De toute façon, qui se soucie d’eux dans ce maelstrom citadin où chacun essaye de s’en sortir.

Nous montrons nos billets aux gardes solidement armés et avons à peine le temps d’admirer l’architecture et la décoration des lieux que déjà on nous appelle pour monter dans un bus.
Celui-ci fera la tour du hangar pour nous déposer devant le pont-levis du ferry qui était juste à côté.

Classe touriste, grande cabine climatisée, sièges confortables et peu de monde, nous avons la place de nous étendre. Un petit garçon de moins en moins timide me regarde avec curiosité.

Tout à coup, on entend une prière dont le texte défile sur une grande télévision. André tout à déguster ses brioches se demande ce qu’il se passe, mais reste imperturbable et concentré sur son petit-déjeuner. Pendant ce temps, la voix en appelle à la Sainte Vierge de nous protéger pendant cette navigation, André froisse son papier et hausse les sourcils en se demandant toujours qu’est ce qui est en train de se passer…

Après deux heures sur une mer tranquille, nous accostons à Tubigon et sommes tout de suite interpellés par des chauffeurs de tricycles qui demandent 800 pesos pour nous emmener à Carmen. Non, mais ça va la tête, 800 pesos ? Non merci monsieur je vais aller voir à la gare routière s’il n’y a pas un bus. Comment ça la gare est trop loin et il faut monter dans votre véhicule ? J’ai ''maps.me'' sur mon téléphone qui dit que les bus nous attendent à 300 mètres. Il rigole et me souhaite un bon voyage.

Arrivée en face du grand McDo, plusieurs bus et minivan attendant des clients. Un gars nous appelle, dit : "Carmen 50 pesos" et nos sacs sont mis en soute, bien protégés des flaques d’huile noire par un grand carton.
À 9 h 30 pétante, le pot d’échappement vomit ses gaz noirs et c’est parti pour une virée à travers les montagnes. Nous sommes, bien sûr, les seuls occidentaux dans ce bus et les gens nous regardent avec de grands sourires et de la bienveillance.

Nous nous arrêtons souvent pour débarquer ou embarquer des passagers, qui doivent payer sans discuter, le préposé aux billets n’est pas commode.

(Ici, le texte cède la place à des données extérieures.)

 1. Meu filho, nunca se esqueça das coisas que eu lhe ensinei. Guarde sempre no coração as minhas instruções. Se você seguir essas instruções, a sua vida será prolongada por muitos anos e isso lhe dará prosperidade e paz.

10 h 45 nous arrivons en gare routière de Carmen où, d’après ce que nous voyons, il n’y a absolument rien à faire.
Nous sollicitions les services d’un microbus qui pour 100 pesos nous emporte vers notre lodge. Impossible de se tenir correctement assis, le plafond doit être à 1 mètre de hauteur, nous nous félicitions de ne pas être montés dans un tricycle pendant plus d’une heure.

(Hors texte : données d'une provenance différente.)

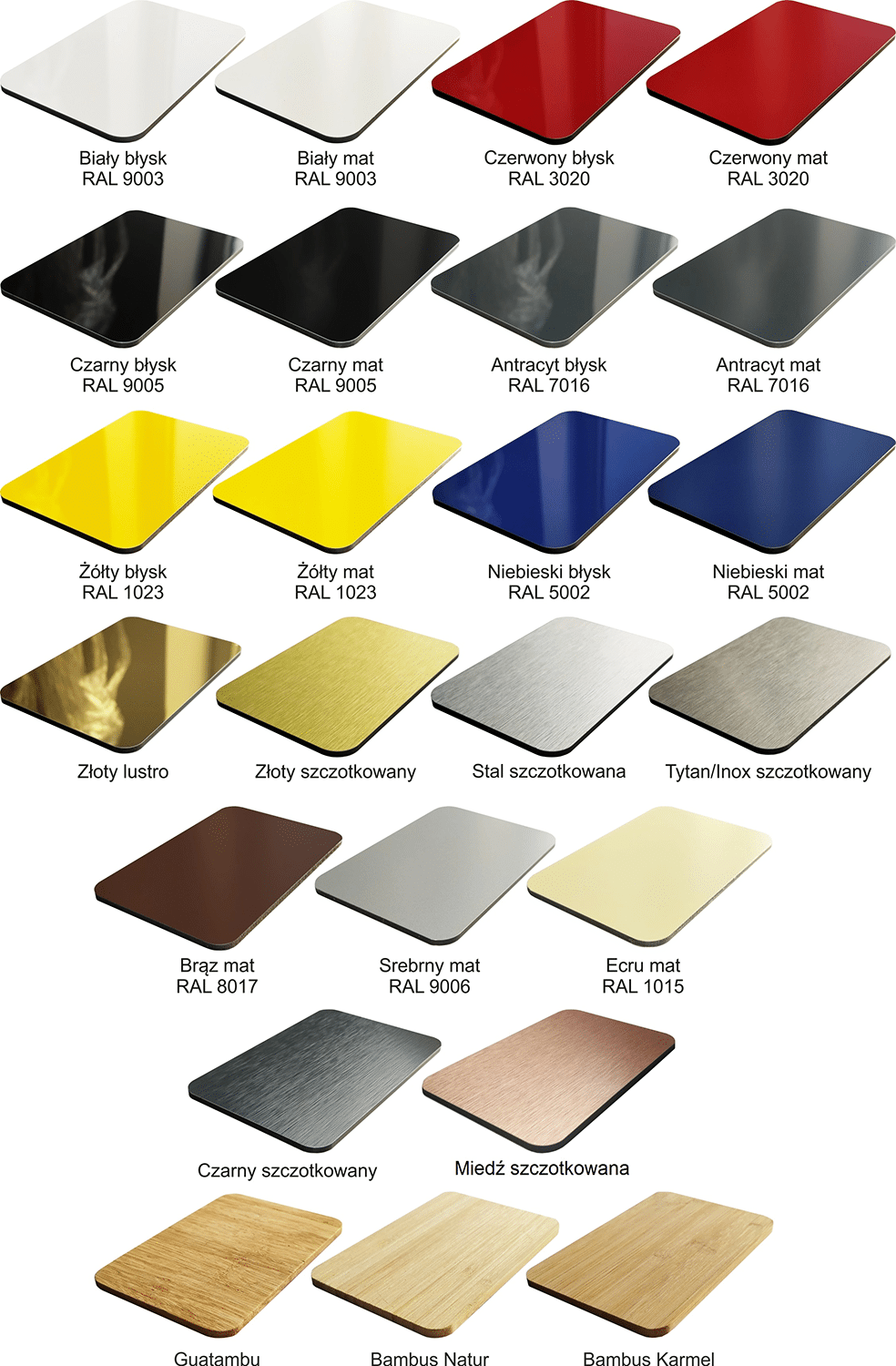 - rdzenia polietylenowego, najczęściej czarnego ale niektóre płyty 4mm mają rdzeń biały rdzeń

Accueillis par un monsieur un peu taciturne, on nous montre notre chambre.

Je laisse André faire le tour du propriétaire et demande à voir la piscine dont les photos sur le site vantent la présence. Non pas une, mais bien deux bassins sont mis en avant pour encenser le séjour magique en ces lieux.

Ah. En fait ils ont transformé leurs piscines de rêve en bassins de phycoculture… L’eau verte où plus rien ne se passe n’est pas vraiment une invitation à prendre un cocktail sur une chaise longue. Cet endroit a sûrement déjà été très en vogue, mais depuis les années 80, rien ne semble s’être passé.

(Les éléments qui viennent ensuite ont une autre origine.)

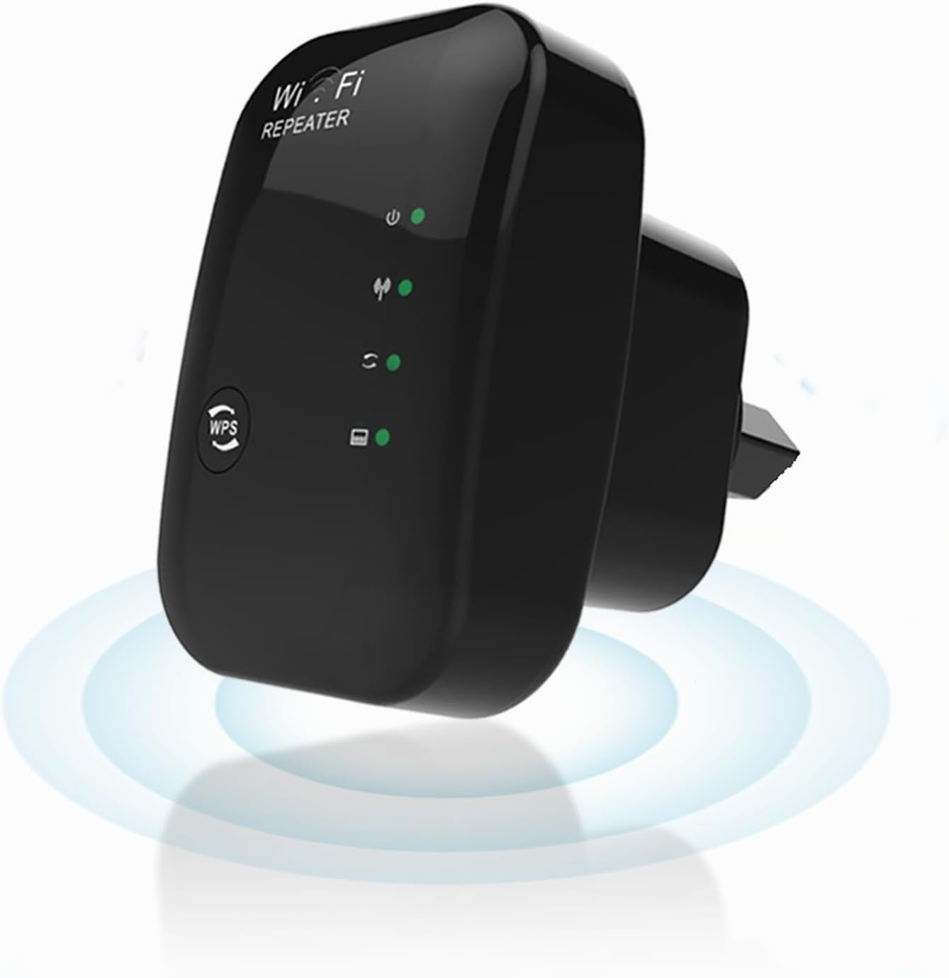 300Mbps WiFi Repeater WiFi Extender Booster Wireless Amplifier with UK Plug, Suitable for Most Hotels and Home Networks, Black

Retour à la chambre, où André essaye de passer indemne à travers plusieurs émotions.
Le lit est recouvert d’un matelas fin, mais finalement relativement confortable, le balai a été passé, et nous avons droit à un savon.
Les peintures tombent en lambeaux, les toilettes se révéleront être bouchées, dommage que je ne l’ai pas su avant, et les hamacs du jardin sont recouverts de fourmis.

Nous prenons rapidement une soupe et demandons à louer un scooter. Le monsieur nous les offre à 600, je lui demande un prix pour 3 jours, il baisse à 500.
Son fils, Jeff, qui gère les réservations arrive et me propose de choisir un des deux véhicules poussiéreux mis à disposition. S’ensuit l’essai des casques et André arrivera à rentrer une moitié de tête dans le plus grand.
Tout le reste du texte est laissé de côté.